Последняя строфа завораживает метафорой: «Так легла багрово масть!..». Конечно же, Дмитрий и не помышлял о карточной багровой масти. Ни черви, ни бубны тут ни при чём. Слом времён уничтожил пращуров не только физически, они убиты забвением. А если народятся потомки, то им грозит анемия – будут Иванами, а может быть, и Джонами, родства не помнящими.
Даст Бог, по прочтении «Молитвы русского в изгнании» Дмитрия Киршина на кого-нибудь и снизойдёт благодать Всевышнего.
Не остался равнодушен поэт ещё к одной страшной беде России, постигшей страну в последние два-три десятилетия. Она увеличивается с каждым годом в объёме, как снежный ком.

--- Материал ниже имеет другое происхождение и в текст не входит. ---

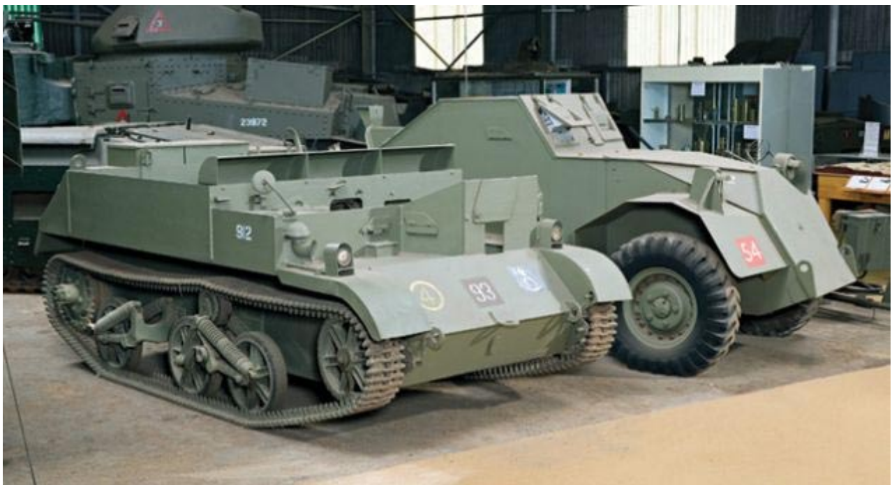
Australian Dingo Scout Car – Australian Armour and Artillery Museum Cairns, QLD (Australia) Formerly part of Rick Cove Collection (Australia)

Bonhams & Goodman, 2006 - http://www.bonhamsandgoodman.com.au/lot_details.php?lot=9381&auction=21#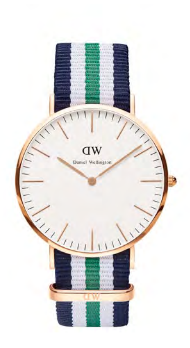
WATCH: 40MM ROSE GOLD STRAP: NOTTINGHAM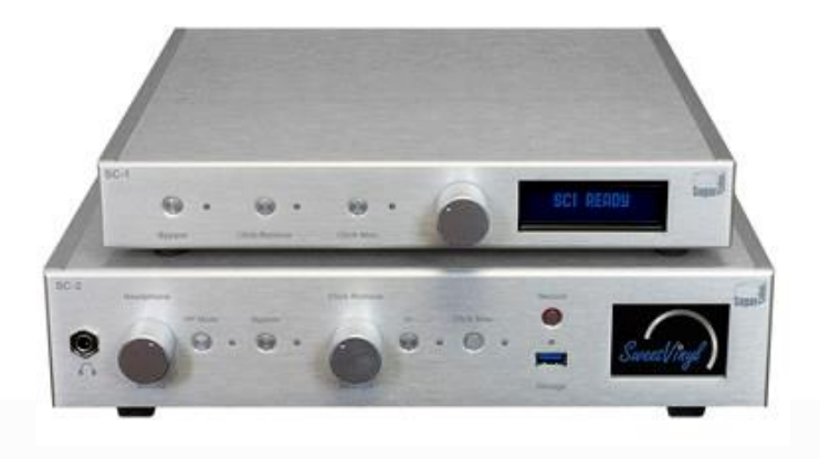
The SweetVinyl SugarCube SC-1 (top) and SC-2 (bottom)

The noise-isolating algorithm is one of SweetVinyl's unique selling points, but modern consumers expect more from their hardware than a single feature. To increase the SugarCube's marketability, it needs a device display, a connected mobile app, and an ability to go online and download additional programs and updates. Additionally, some users may also want to record their music or see information about the album they're listening to.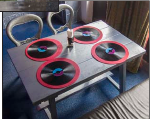
Breakfast Room And 33.3 RPM Place Mats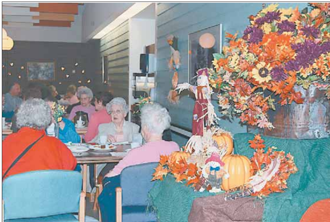
The decorating committee had a hayday with the profusion of fall colours.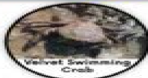
Velvet Swimming Crab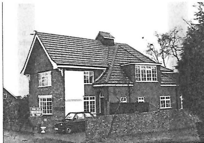
The Old Chapel in 1986

Имя этой беды – наркомания. Ритмическое построение стихотворения схоже с тем, которое использовал поэт в «Молитве русского в изгнании». Но на сей раз Киршин написал не молитву, а скорее – заклинание. Чем ещё изгнать из нашей жизни такое беспощадное зло, как наркотик? Хотя и в этом стихотворении Дмитрий обращается к библейскому сюжету. Финальная фраза у Киршина пронзительна: «Что молчишь, кокаиновый каин? Где твой брат?..». Из Библии известно, куда подевался Авель – его убил брат Каин, пролив родную кровь. Но кокаиновый каин, этот не конкретный, а собирательный злодей, пострашнее первого убийцы на Земле. Кокаиновый каин не проливает кровь, но у него оружие пострашнее ножа и пистолета. Жертвы каина умирают, сгорая изнутри, медленно, а потому схватить за руку преступника сложнее.
Трагедия наркомании ещё и в том, что жертвы сами оплачивают своё затяжное по времени убийство. А в отсутствии денег на очередную дозу наркотика – сами становятся убийцами. Для них убить человека – что муху на столе газетой прихлопнуть.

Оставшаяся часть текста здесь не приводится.